En pratiquePôle beauté & paramédical
L’expérience en pharmacie ne s’arrête pas à la distribution de médicaments. Guillaume Duffez a ainsi doté son officine de Meximieux d’ une multitude de facettes (nutrition, phytothérapie… ) grâce à la spécialisation de chacun des membres de l’équipe ainsi que par l’embauche de deux esthéticiennes et d’une orthopédiste à temps plein. Il a aménagé un local pour recevoir ses patients dans l’esprit de son officine. « Nous y offrons des mini-soins avec des esthéticiennes, des entretiens sur les fleurs de Bach ou des conseils en micronutrition. Il est également possible de se faire faire un corset sur mesure ou des semelles orthopédiques, une offre inexistante dans la région », décrit le titulaire. Moyennant ces services, son officine située à une demi-heure de Lyon maintient son niveau d’activité et draîne une population nombreuse dans cette zone rurbaine.
En pratiqueLangage adapté
J’ai une préparatrice turque, une autre qui parle arabe et je suis en train de recruter une apprentie parlant turc. » Pour Jean-Yves Roux, titulaire de la pharmacie des Rochettes à Oyonnax, située au cœur d’une forte population immigrée, ce service linguistique est une évidence. « C’est une nécessité dans un domaine médical, de pouvoir communiquer de manière précise et sans équivoque avec le patient », expose-t-il.
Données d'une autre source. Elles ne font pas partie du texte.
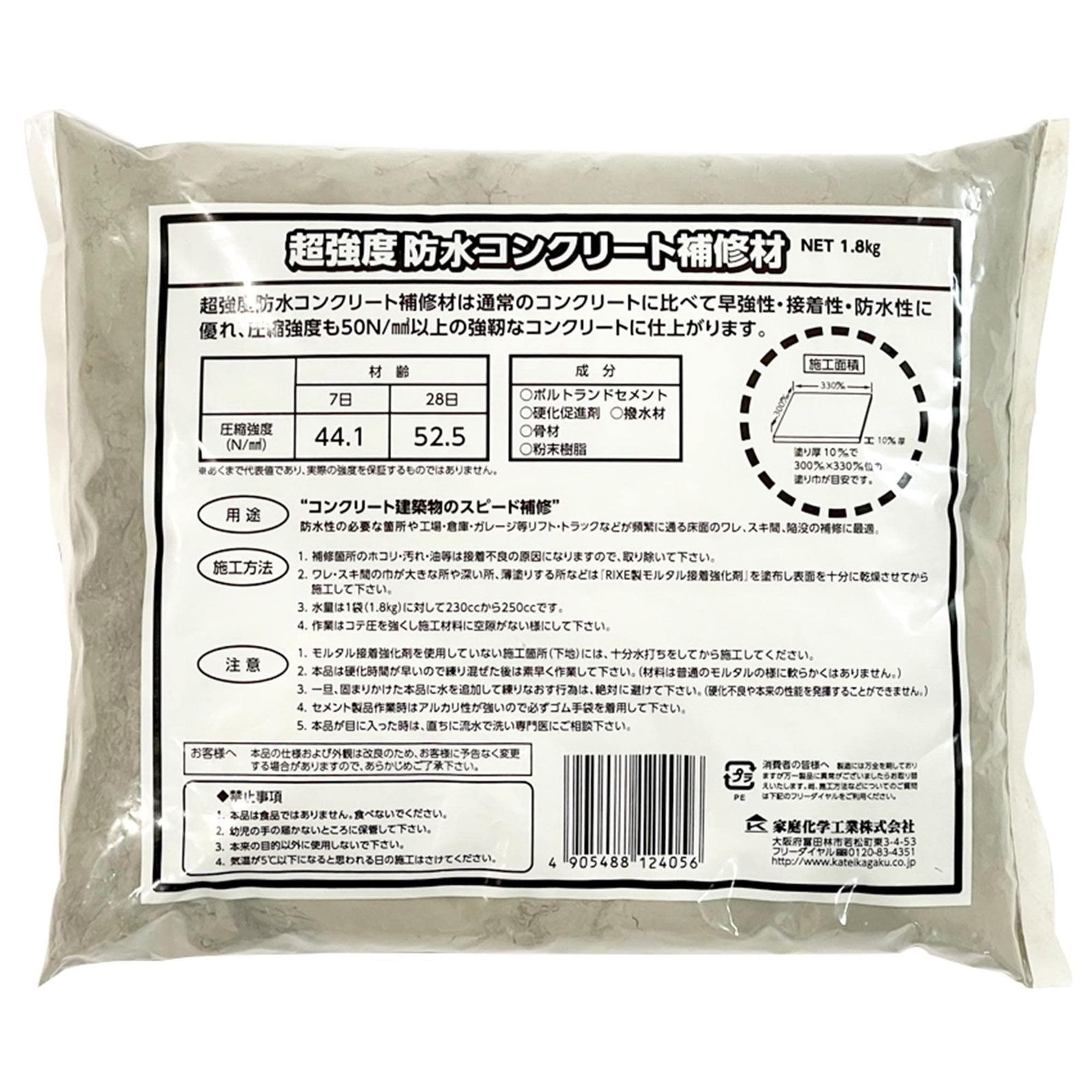 【特長】 防水性の必要な箇所やガレージの床面など強度の必要な部分の補修にご使用ください。 施工方法①施工箇所のホコリ・汚れ・油等は接着不良の原因になりますので、取り除いてください。②ワレ・すき間の巾が大きな所や深い所、薄塗りする所などは、「RIXE製モルタル接着強化剤」を塗布し表面を十分に乾燥させてから施工してください。(モルタル接着強化剤を使用しない箇所には十分な水打ちをして施工してください。③水量は1袋(1.8㎏)に対して230㏄から250㏄です。④作業はコテ圧を強くし施工材料に空隙がないようにしてください。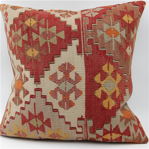 Kilims used in our products are old and genuine. These Kilim Cushions are made with pieces of carpets and kilims joined to make Kilim Cushion Covers. Kilim Cushion Covers can be made for order for any size. Back has cotton with a zipper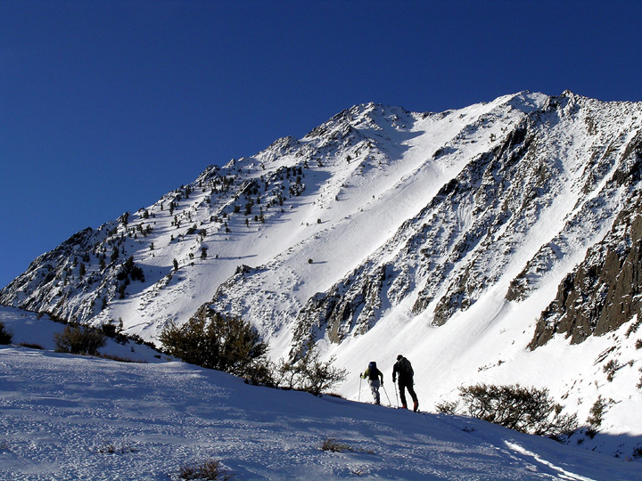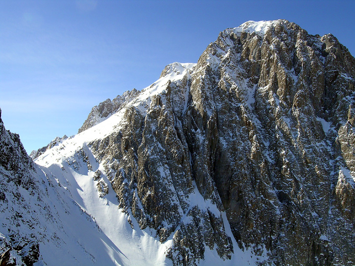 | The view of Mount Morrison from the top of Old Man Bowl. This photo also shows the pass (on the left) to which we climbed after our descent of the Old Man. We skied down the steep-looking couloir seen here, on generally great snow. |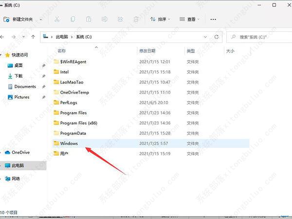1、首先开启此电脑,双击打开C盘,然后进入Windows文件夹。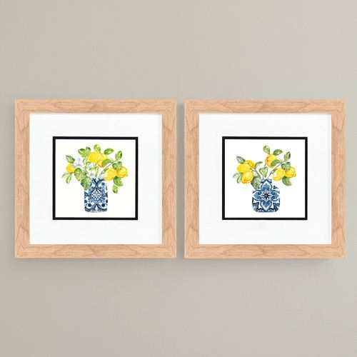 Zesty yellow fruit bouquets display the Lemon Life. Each print in this wall art set, from a watercolor original by artist Nan, features lemons and greenery in a navy and white vase on a white background. Prints are surrounded by a navy inner mat and a white outer mat. Polystyrene frames have glass inserts and a natural finish. Each measures 12"sq.x1"D. Imported/USA.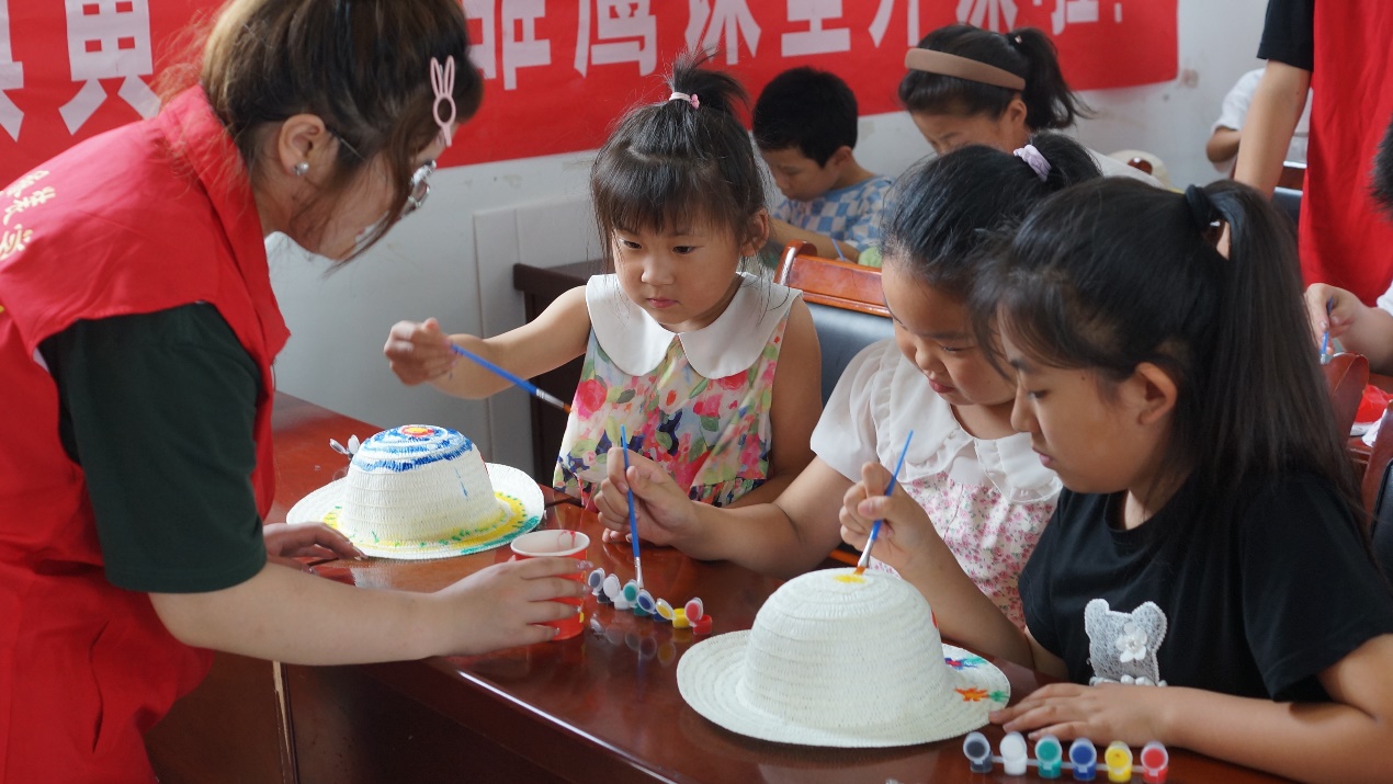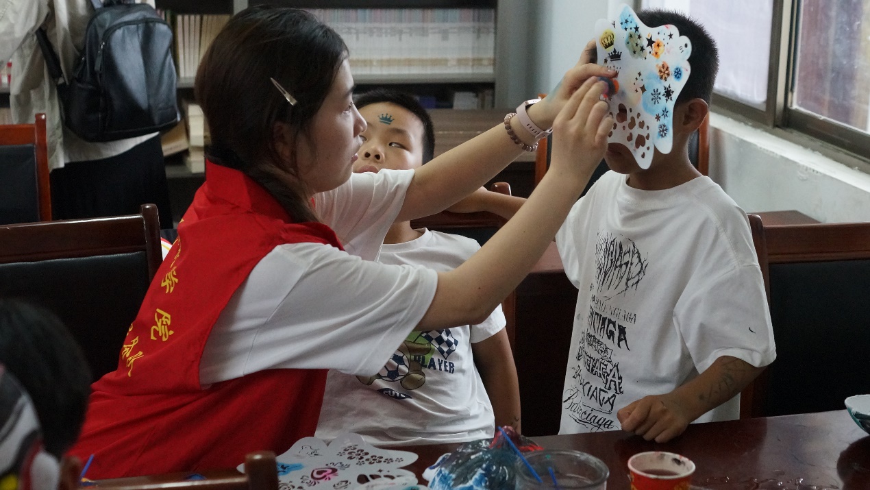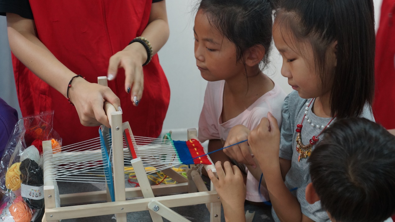 随后,志愿服务团一行人分别在鲁源新村和黄土村为居民及小朋友们开展了一系列以“传承鲁锦织造”为主题的志愿服务活动。志愿者首先为居民们讲解了鲁锦的历史起源、织造特色以及制作工艺等知识,然后现场演示了如何运用小型织布机编织出色彩斑斓、纹理独特的鲁锦布料。为了进一步加深大家的体验与理解,志愿者们则化身为耐心的导师,手把手教授大家鲁锦的织造技艺,从最基本的打结、穿线到复杂的图案编织,每一个步骤都讲解得细致入微,让大家亲身体验到了鲁锦文化的独特魅力。此外,志愿者们还结合自身服装与服饰设计专业特色优势,不仅耐心地为居民们提供个性化的服装搭配建议与形象设计咨询,还为小朋友们举办特色面部彩绘、鲁锦草帽设计等活动。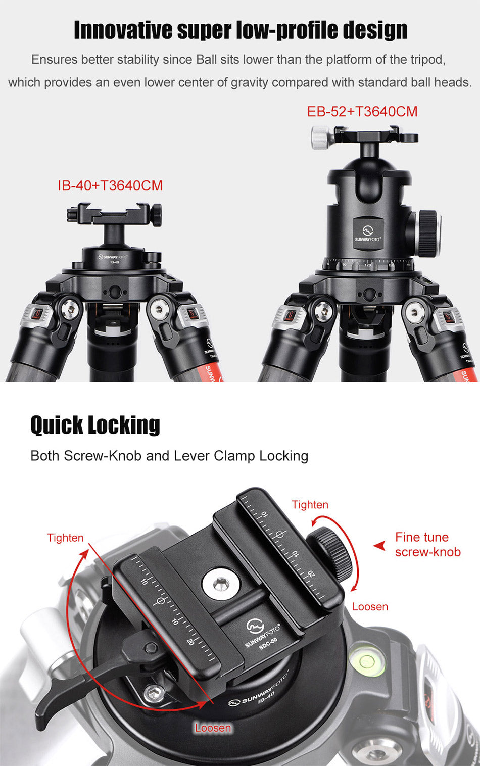 ✪Two ways of tightening by lever-release and screw-knob provide quick locking and fine tuning. Better compatibility with QR plates of different manufacturers.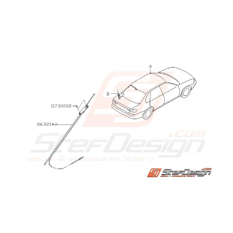 Schéma de l'ensemble des pièces d'antenne pour SUBARU Impreza GT de 1993 à 2000.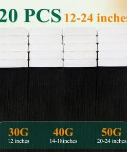 4. Opciones de color y tamaño variadas: La longitud va desde 12 a 24 pulgadas, con un peso de 30 a 50 gramos. Hay más de 20 colores para elegir. Sin embargo, tenga en cuenta que pueden ocurrir ligeras diferencias de color debido a variaciones en el color de la pantalla y la iluminación.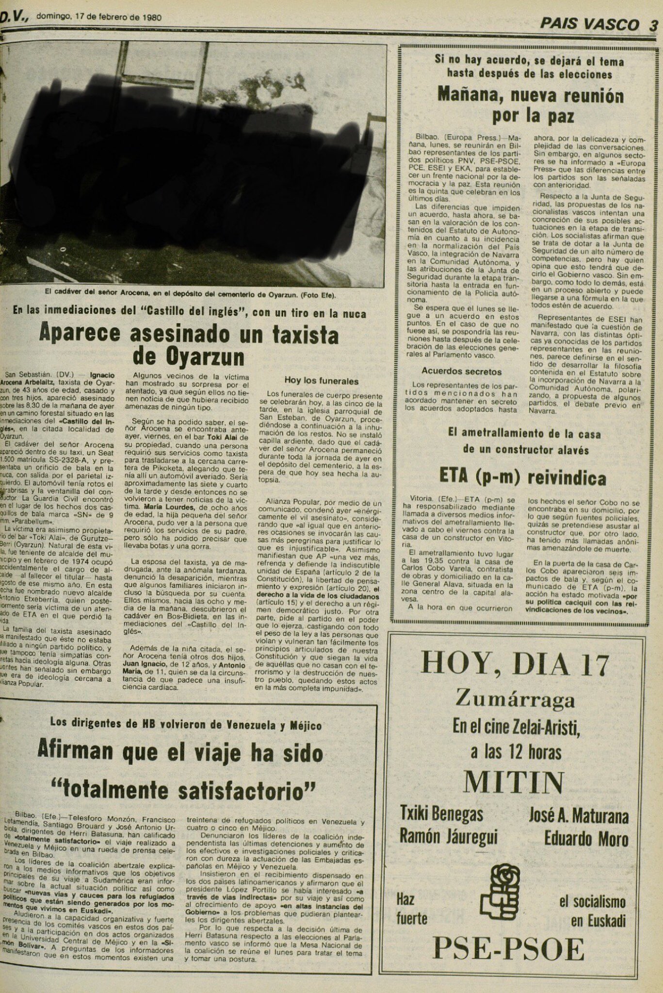 El viernes 15 de febrero de 1980 la banda terrorista ETA asesinaba en Oyarzun (Guipúzcoa) al taxista IGNACIO AROCENA ARBELÁIZ. Ignacio tenía posiciones ideológicas próximas a Alianza Popular y era amigo de Fernando Rodríguez Espínola, guarda forestal de Icona, que compatibilizaba su trabajo con colaboraciones con El Diario Vasco y La Voz de España. Rodríguez Espínola había sido asesinado por ETA el 12 de noviembre de 1979, y la banda terrorista lo acusó, en el comunicado de reivindicación, de ser confidente de la Guardia Civil. Lo mismo hicieron con Ignacio Arocena.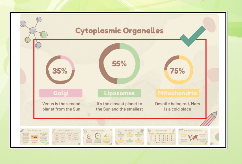 1. 개인적으로 다음과 같은 아기자기한 디자인을 선호하는 편입니다. 단순해 보이지만, 멋진 디자인의 재료를 적재적소에 배치가 되어 있어 허전함이 전혀 없습니다. 미리보기 이미지 아래를 보면 다른 슬라이드가 작게 표시되어 있는데요. 이것 하나만 사용해도 풍성하고, 알찬 PPT를 만들 수 있습니다. 당연히 내용은 자신에게 변경이 가능해요.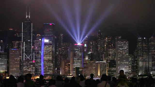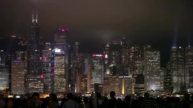china hong kong night light city buildings panorama 4k time lapse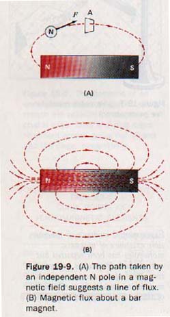 The path of an independent N pole in a magnetic field suggests a line of flux. A line of flux is a line so drawn that a tangent to it at any point indicates the direction of the magnetic field. Flux lines are assumed to emerge from a magnet at the N pole and to enter the magnet at the S pole. Every flux line is a closed path running from S pole to N pole within the magnet. See Figure 19-9.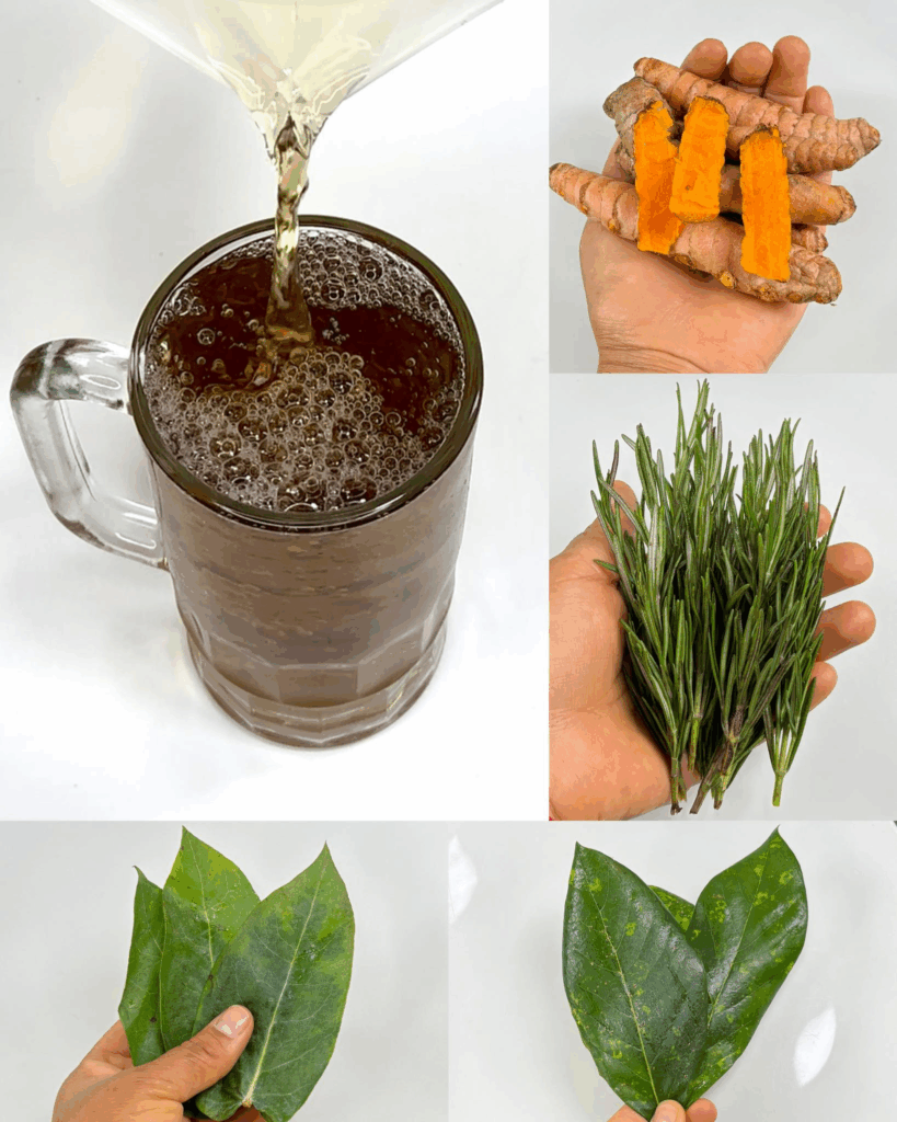 1️⃣ Coloca en una olla las hojas de aguacate, cúrcuma, hojas de eucalipto y el romero.
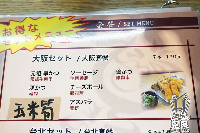 豬肉串 雞肉串 玉米筍 蘆筍 起司球 元祖牛肉串 德國香腸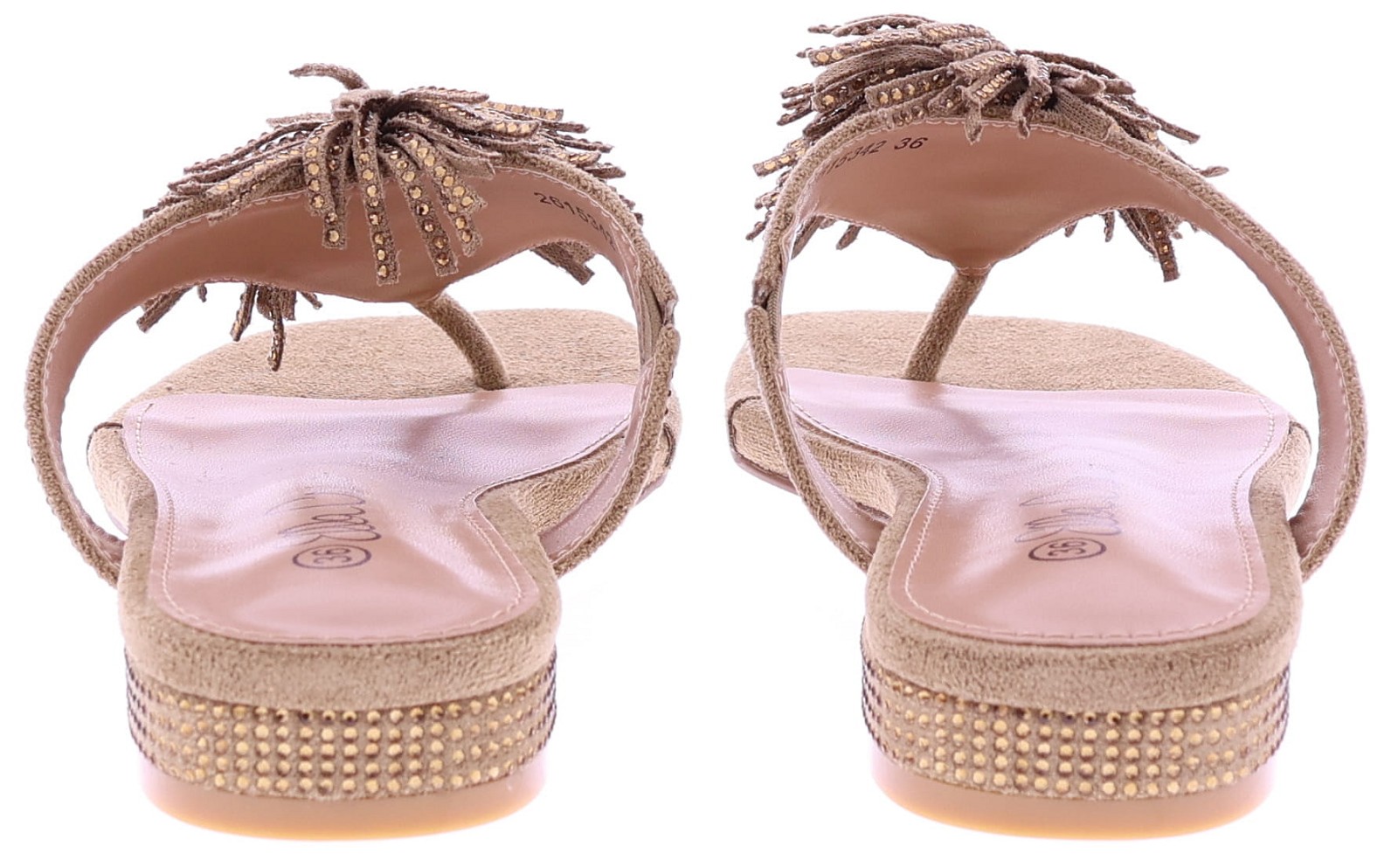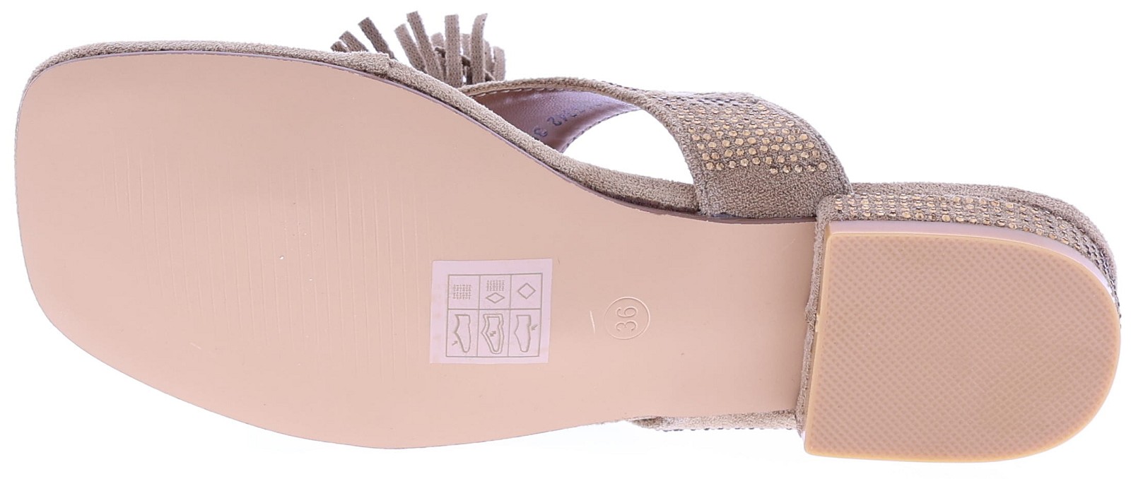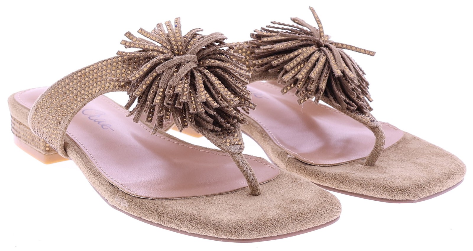 Beige suede women's slides from Ella Cruz, model Zhoe. These slides feature a wide cross-over strap, richly decorated with small rhinestones for a sparkling effect. A playful suede tassel detail on the instep adds extra character. The lining is soft for comfortable wear, and the sole has a neat finish suitable for everyday wear. A striking and airy slide for summer days.

Un service gagnant-gagnant qui lui vaut une bonne réputation auprès de la population du quartier et pour lequel il n’a pas besoin de communiquer. Le bouche à oreille de la communauté turque s’en charge.
En pratiqueColombophilie…
Jean-Noël Padé, titulaire de la pharmacie des Provinces à Wingles (dans le Nord près de la frontière belge) s’est fait le spécialiste des colombophiles de la région. Féru de véto et passionné par les NAC (nouveaux animaux de compagnie), il dispense ses conseils et explique l’adaptation des gammes de produits initialement destinés aux volailles. « Cela évite aux clients concernés d’aller se fournir en Belgique et leur permet de conserver un loisir de plus en plus cher en raison de la crise », explique-t-il.
En pratiquePédagogie on-line
Le service existe aussi dans sa dimension digitale : vente Internet de produits para et de médicaments OTC, service « pick-up » de médicaments sur ordonnance réservés sur Internet pouvant être retirés à l’officine… Pourtant, Ilham Sentissi, titulaire de la pharmacie de l’Espérance à Reims, continue de voir dans son site Internet avant tout un outil pédagogique. « Mon site permet de poursuivre par un service de conseils ma relation au comptoir avec le client. Il renforce le lien en communiquant des informations sur les pathologies et en expliquant certaines actualités santé que je n’ai pas le temps d’exposer dans mon officine. C’est également un moyen de rompre l’isolement de certains patients », croit la titulaire qui depuis l’ouverture de son site en mai 2012 comptabilise une centaine de visites par jour.